For a run of multiple duplicate chromatograms, for example 100
chromatograms, if each chromatogram is processed individually
without bootstrapping, .about.62% would have that time point
labeled incorrectly. Thus, bootstrapping allows probabilistic
assignments without adding the cost of running replicates.
[0054] Originally observed or measured data points are first
smoothed to eliminate most noise in the measured values, (see,
e.g., FIG. 3B). In an exemplary embodiment involving the detection
of local peaks in chromatographic data, each smoothed data point is
transformed into a data triple including both the original smoothed
value, and two additional calculated values representing the first
and second derivatives for the smoothed data point (such
derivatives being calculated on the basis of the set of smoothed
data points).
[0055] In various embodiments, an appropriate bootstrap replication
is created by first obtaining mean values of the observed or
measured data, and then obtaining a set of deviations from the mean
by subtracting the mean value from the observed or measured data.
The resulting set of deviations is subject to random sampling, with
replacement, to add back random noise to original smoothed data to
thereby create the replicate data points for replicate
chromatographs.
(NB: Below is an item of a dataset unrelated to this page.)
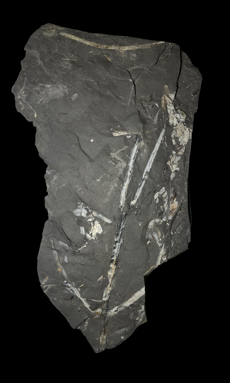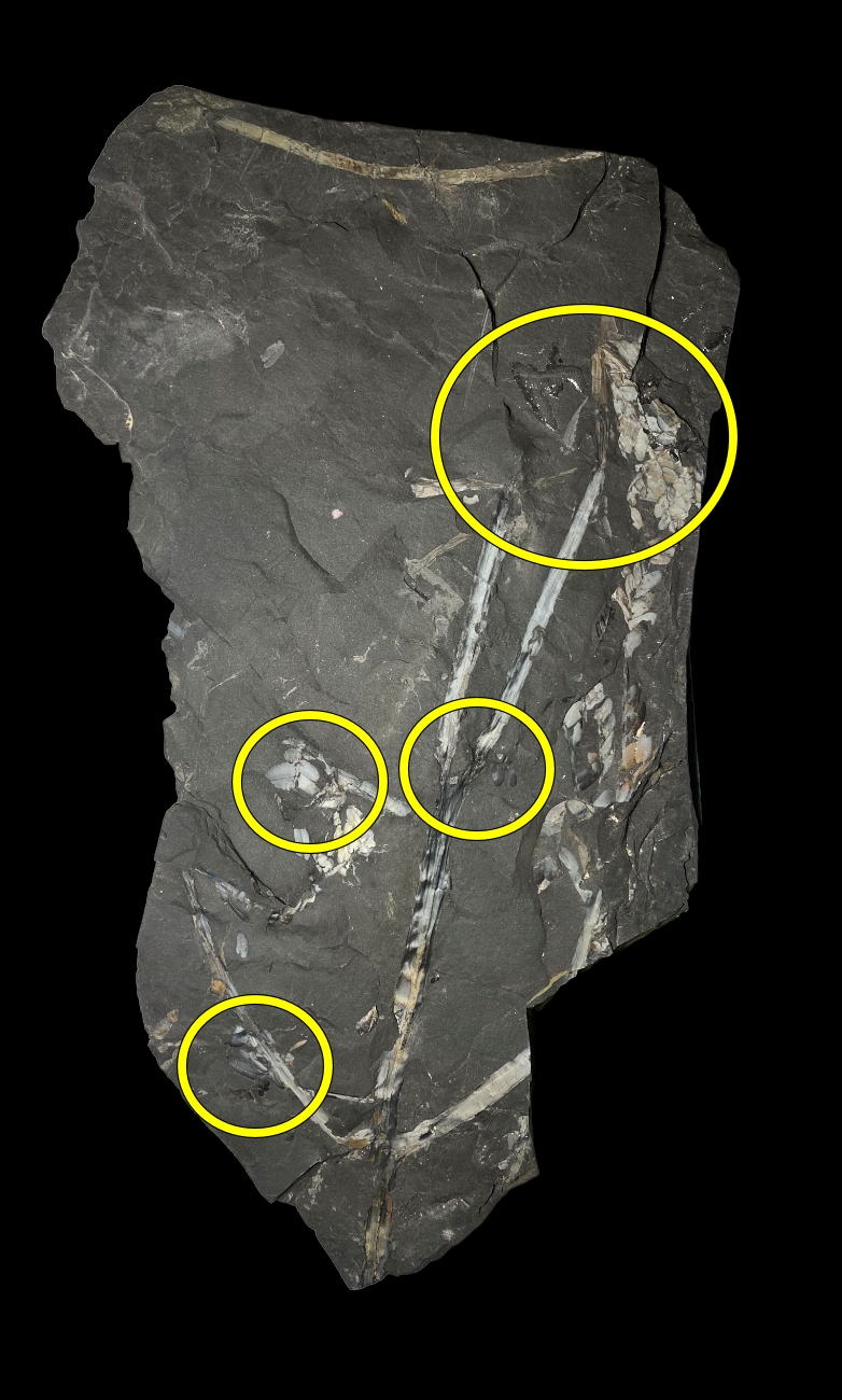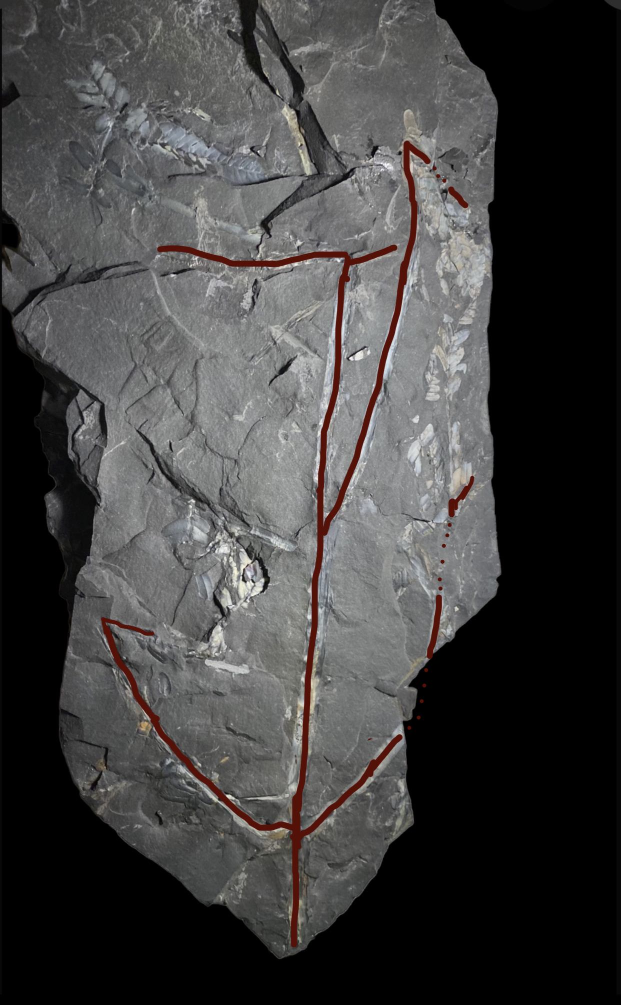 Visualisatie van wat ik nu zie.Carboon schreef: ↑23 sep 2022, 17:25 Bedankt voor de extra foto's. De pinnules die je kunt zien behoren zeker tot een neuropteride plant. Het is echter onduidelijk of deze pinnules ook in organische connectie staan met de "zich vertakkende tak". Deze tak is vrij apart, met zowel een bifurcatie als een splitsing in drieën. Dit laatste heb ik nog niet eerder in neuropteride bladvormen gezien. Kan natuurlijk zijn dat tak en pinnules niet bij elkaar horen? Sowieso een leuk stuk!

Once a replicate chromatograph is created, the
derivative values may then be calculated to create a replicate
chromatograph of such triples.
[0056] Bootstrapped chromatograms may be created using the
following procedure, (see, e.g., FIG. 7). First the chromatographic
data are smoothed in step 700. Then the smoothed data set is
subtracted from the original to create a set of deviations in step
702. Next, a new set of deviations is randomly selected (with
replacement) from the original deviations in step 704. Finally, the
new deviations are added to the smoothed chromatogram to generate a
synthetic, replicate chromatogram in step 706. This procedure is
repeated until a predetermined number (e.g., 100) of synthetic
replicates are generated, as determined in step 708. Once complete,
the entire data set including replicates may be analyzed in step
710 as described above. Alternatively, this process may be iterated
by starting with actual data, creating replicates to generate a set
of actual and replicate data, and then the process may be repeated
starting with that set of actual and replicate data to create
further replicate data.
[0057] In another embodiment, bootstrapped chromatographs are
created using a similar procedure. In distinction from the
previously discussed creation of a set of deviations, in this
embodiment the statistical standard deviation of each data point is
calculated. Synthetic replicates are generated in a Monte-Carlo
fashion, where a random number generator is used to randomly
generate a percentile number (either positive or negative), and a
randomly selected original data value is combined with a value
which is a function of the randomly generated percentile number and
the standard deviation. This process typically determines the
number of standard deviations from the percentile (e.g., a 67
percentile would be about 1 standard deviation, a 95 percentile
would be about 2 standard deviations, etc.) and then multiplies the
number of standard deviations by the value of the standard
deviation and combines that product to create the synthetic data
point. Such bootstrap data makes it easier to smooth the data for
smaller data sets.
[0058] In another embodiment, entire chromatograms may be
replicated. However, this embodiment uses much more computational
resources than the replication of data points within a
chromatograph. As computational resources become more efficient and
powerful, such replication of entire chromatographs may be the most
efficient way to perform bootstrap replication on a small set of
data. When costs of computational resources are high, such
bootstrap replication of entire chromatographs may not be
economically practical. By using the technique of bootstrapping to
generate synthetic data, such synthetic data may be used to create
surrogate chromatograph replicates.
[0059] In one embodiment, each of the synthetic chromatograms is
processed by digital filters to generate individual sets of
triples. In an exemplary embodiment, such triples are abstracted by
associating a grammar with particular combinations of values for
each triple, wherein each grammar is associated with a particular
chromatogram graph characteristic. With the translation of each
triple to a corresponding grammar element, the comparison of
chromatograms may be simplified by comparing grammars, which is a
much less computation-intensive activity. When the bootstrapped
replication approach described above is combined with symbolic
representation of chromatograms through such grammars, the result
is a high performance algorithm capable of correctly locating peaks
in a wide range of chromatographic data. The method is particularly
rugged toward noise, and lends itself to automation.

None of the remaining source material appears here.